THE PROBLEM:
Pictures excluded, reproduce exactly the lines below from the one with "٨٤٩ - كعب بن عدي بن حَنظلة بن عدي التنوخي" through the one with "5. Ямских Т.", both included.

MATERIAL FOR THIS TASK:
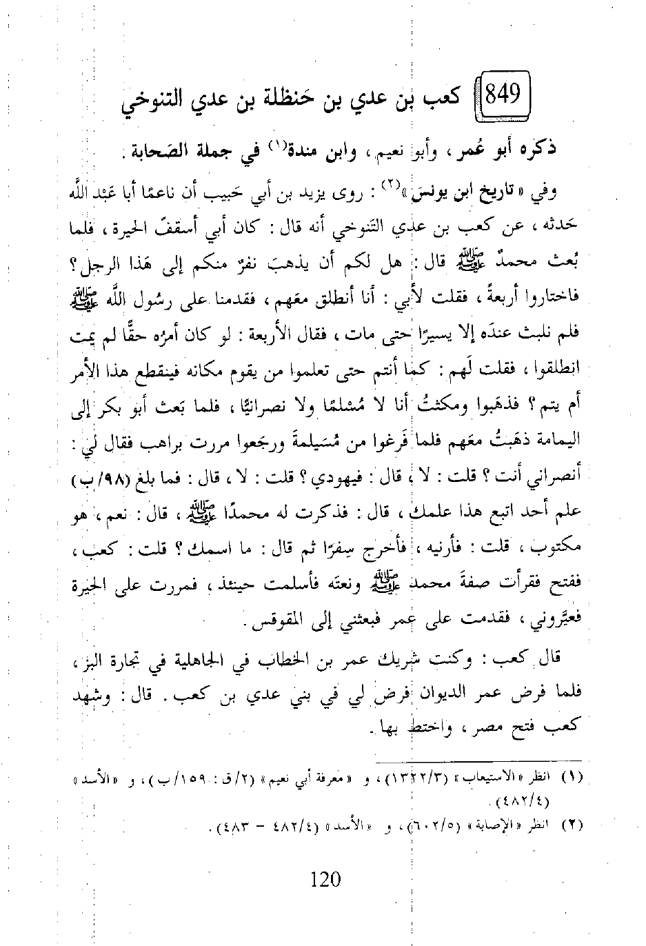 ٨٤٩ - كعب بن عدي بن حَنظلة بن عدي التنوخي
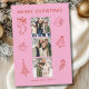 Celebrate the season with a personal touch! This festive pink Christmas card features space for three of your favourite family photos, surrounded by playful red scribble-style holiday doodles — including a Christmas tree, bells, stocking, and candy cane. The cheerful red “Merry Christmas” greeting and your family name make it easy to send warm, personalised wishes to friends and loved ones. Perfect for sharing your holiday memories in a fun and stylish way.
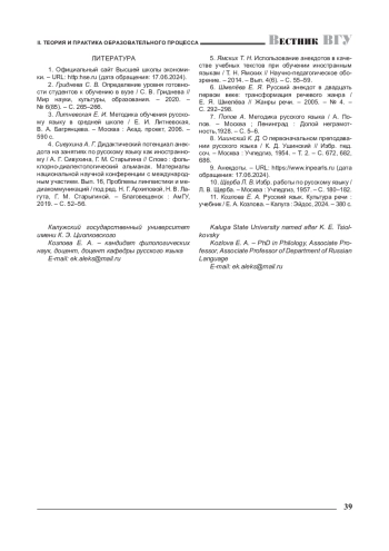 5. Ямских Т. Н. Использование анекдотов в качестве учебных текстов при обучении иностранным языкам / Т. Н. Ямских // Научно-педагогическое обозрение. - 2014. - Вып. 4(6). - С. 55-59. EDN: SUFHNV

...

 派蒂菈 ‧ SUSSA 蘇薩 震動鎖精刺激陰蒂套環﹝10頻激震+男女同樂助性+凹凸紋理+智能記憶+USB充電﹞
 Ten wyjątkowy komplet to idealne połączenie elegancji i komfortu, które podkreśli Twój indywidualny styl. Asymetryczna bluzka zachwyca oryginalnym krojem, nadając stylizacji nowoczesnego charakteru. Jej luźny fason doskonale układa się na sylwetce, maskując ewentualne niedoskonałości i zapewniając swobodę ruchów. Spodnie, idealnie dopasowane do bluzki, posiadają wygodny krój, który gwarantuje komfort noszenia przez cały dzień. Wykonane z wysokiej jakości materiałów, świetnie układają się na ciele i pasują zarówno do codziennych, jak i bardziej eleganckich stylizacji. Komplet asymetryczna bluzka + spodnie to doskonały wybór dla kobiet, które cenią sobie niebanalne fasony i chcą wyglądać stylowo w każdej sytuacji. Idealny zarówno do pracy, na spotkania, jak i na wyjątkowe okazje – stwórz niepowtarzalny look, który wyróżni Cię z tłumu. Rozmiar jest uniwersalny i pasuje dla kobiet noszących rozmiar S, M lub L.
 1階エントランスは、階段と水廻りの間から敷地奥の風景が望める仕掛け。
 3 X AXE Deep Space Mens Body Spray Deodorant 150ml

YOUR RESPONSE:
 ٨٤٩ - كعب بن عدي بن حَنظلة بن عدي التنوخي
 Celebrate the season with a personal touch! This festive pink Christmas card features space for three of your favourite family photos, surrounded by playful red scribble-style holiday doodles — including a Christmas tree, bells, stocking, and candy cane. The cheerful red “Merry Christmas” greeting and your family name make it easy to send warm, personalised wishes to friends and loved ones. Perfect for sharing your holiday memories in a fun and stylish way.
 5. Ямских Т. Н. Использование анекдотов в качестве учебных текстов при обучении иностранным языкам / Т. Н. Ямских // Научно-педагогическое обозрение. - 2014. - Вып. 4(6). - С. 55-59. EDN: SUFHNV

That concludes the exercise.